In February 2021, the documentary series Marvel Studios: Assembled was announced. The special on this film, "The Making of Guardians of the Galaxy Vol. 3", was released on Disney+ on September 13, 2023.

== Future ==
James Gunn said in April 2017 that a fourth Guardians film could happen but it would likely center on a new group of characters since he planned to conclude the story of the current team in Vol. 3. Later in September, Gunn said he was unlikely to return for another Guardians film but would continue to work with Marvel Studios on other projects that use the Guardians and cosmic characters. One such potential project from Gunn was a film centered on Drax and Mantis. Bautista praised the idea for the project, but had not heard any updates on it by May 2021 and believed Marvel Studios was not interested in the idea or it did not fit into their plans for the MCU. Gunn confirmed in September 2019 that he intended for Vol. 3 to be his last Guardians film, and reaffirmed this in May 2021. In July, Gillan expressed her desire to continue playing Nebula after Vol. 3. In April 2023, Saldaña confirmed that Vol. 3 would be the last time she portrays Gamora, but hoped Marvel would recast the role with a younger actor because she wished for the character to continue.

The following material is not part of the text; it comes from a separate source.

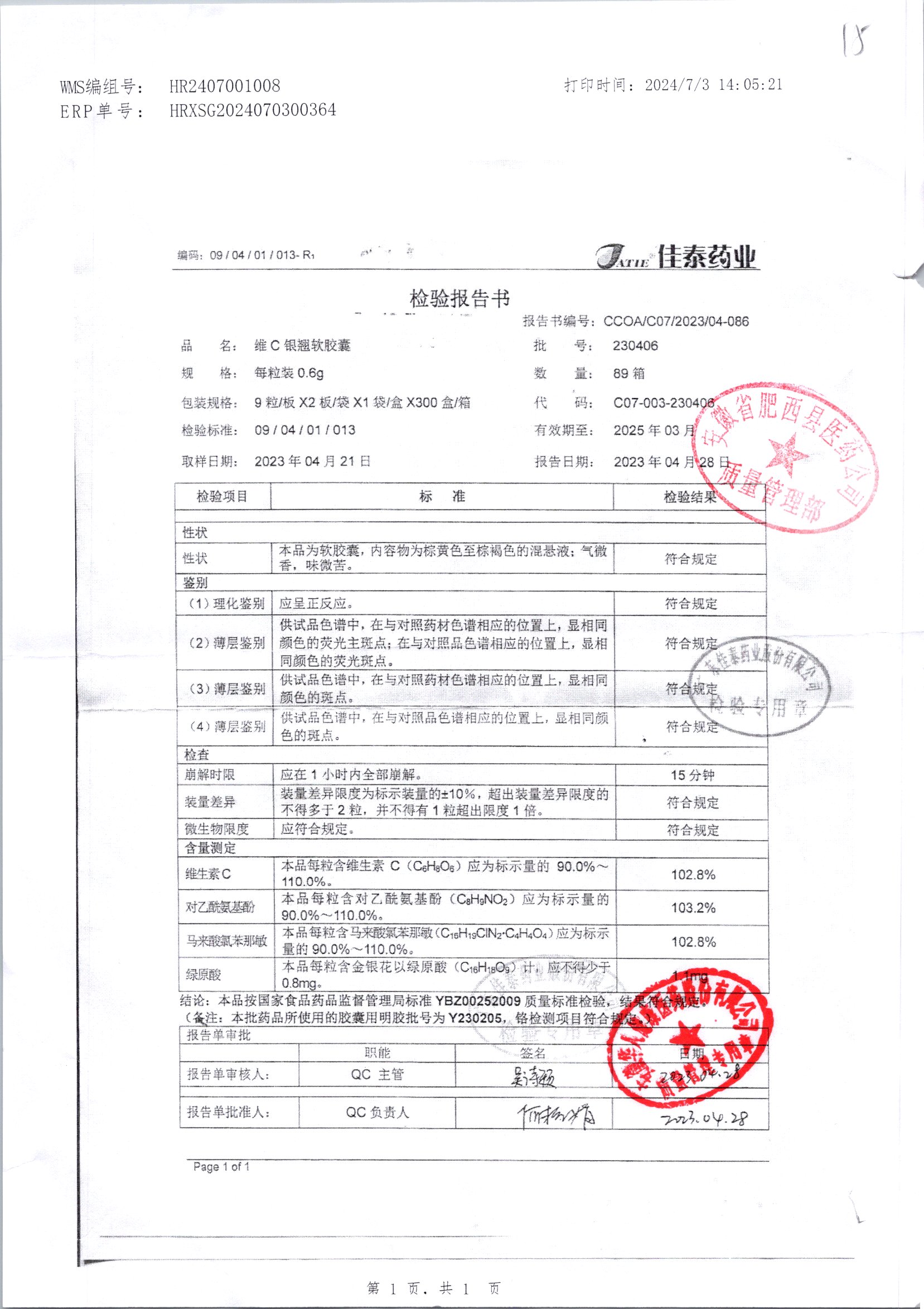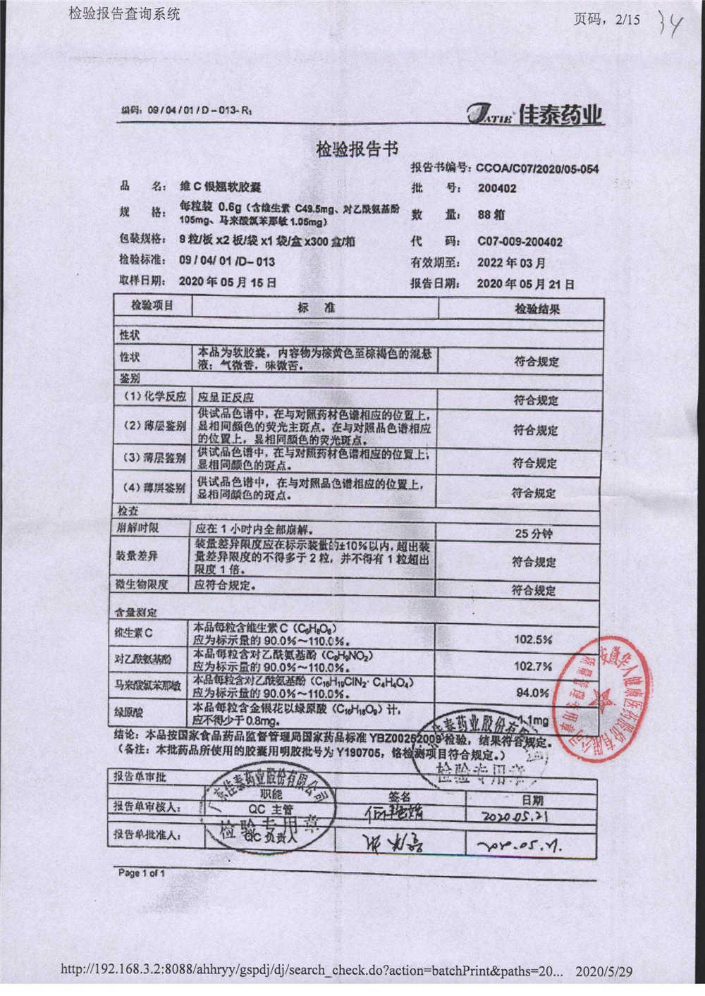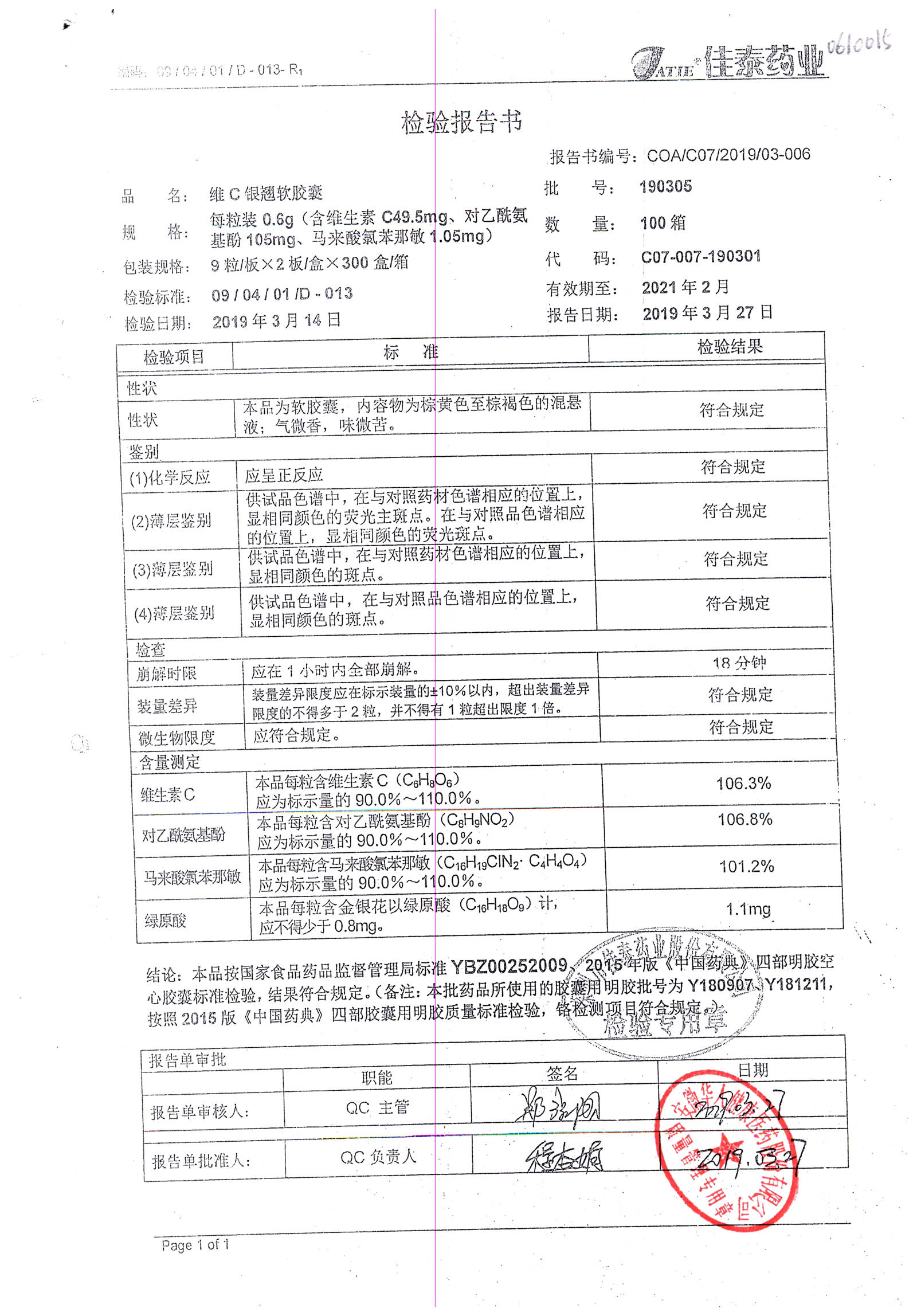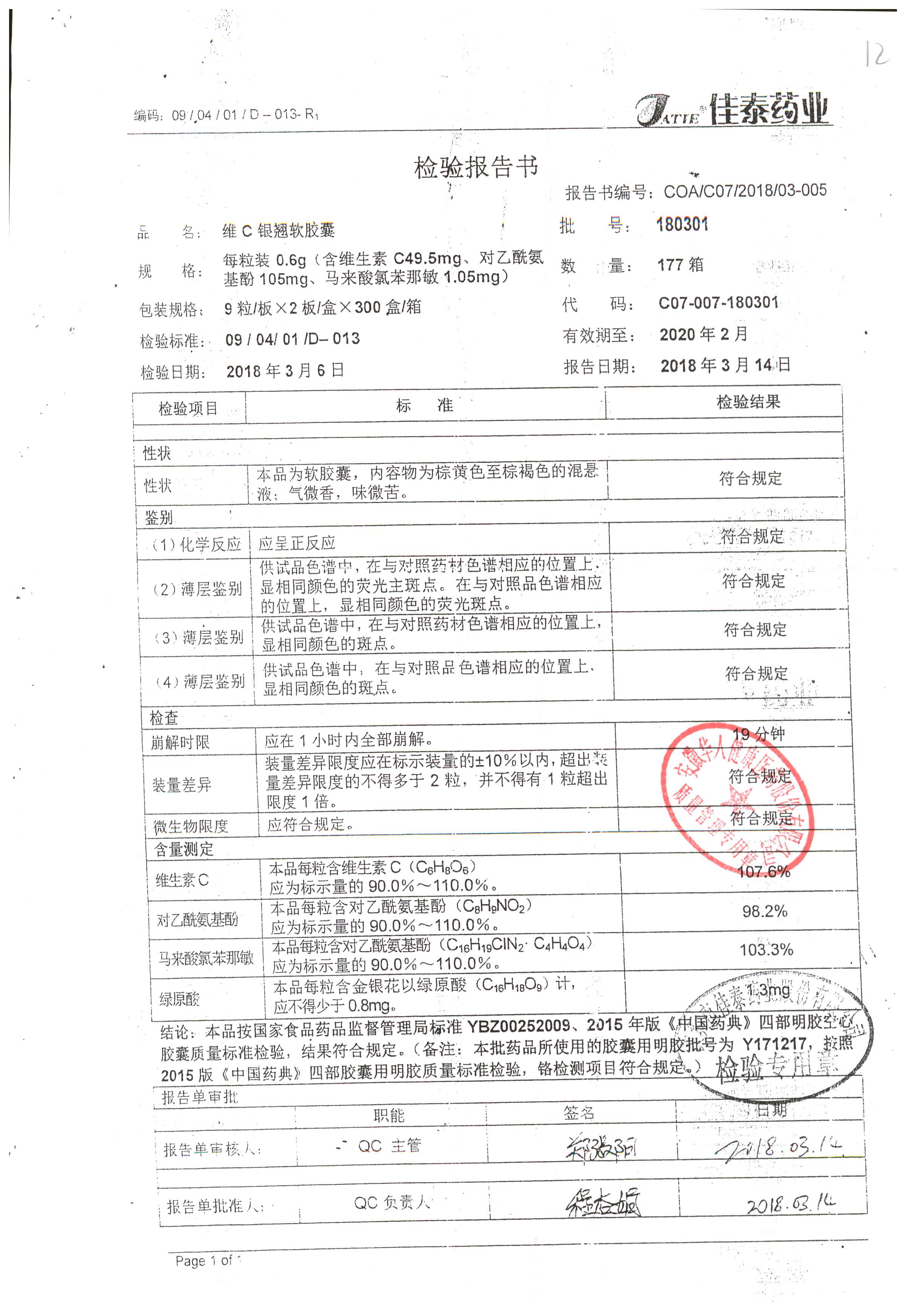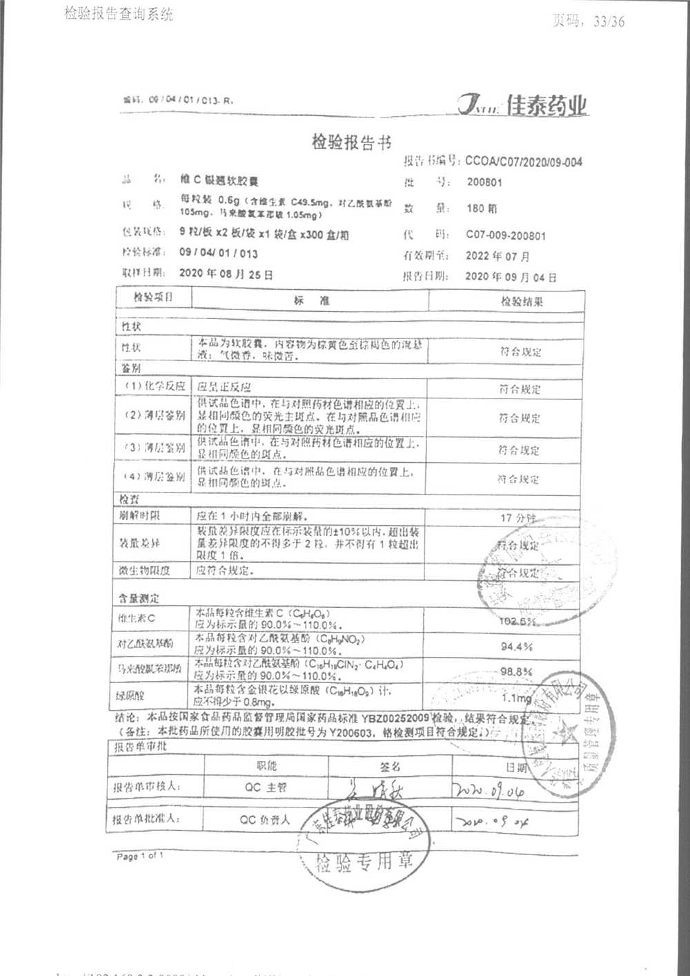 | 名稱 | 規(guī)格 | 批號(hào) | 藥檢報(bào)告 |

Pratt indicated in May 2023 that he was willing to continue playing Peter Quill if the right script came along, and a note at the end of Vol. 3s post-credits scene states that the "Legendary Star-Lord" will return to the MCU. In December 2024, Gunn said he had given his blessing to Pratt to continue in the role without him, and he was excited for Marvel to use the Guardians again in future projects. He noted that there were planned spin-offs that did not eventuate but still could without his involvement, including a television series focused on the Ravagers and a project that he called "Legendary Star-Lord" which they "had a whole idea for". In January 2026, Pratt said he had an idea for how Quill's story could continue which he shared with Feige, and he was open to contributing to the next 10 years of the MCU however Marvel Studios needed him to. While he hoped that Gunn could direct the next film featuring Quill, Pratt knew that was unlikely since Gunn became the co-chairman and co-CEO of DC Studios. He was open to working with another director who would be good for the project. In September 2026, Sean Gunn said Marvel Studios had not contacted him about returning as Rocket, but said he had retired from providing the on-set motion capture for the role due to his increased age and the effects it had on his physiology.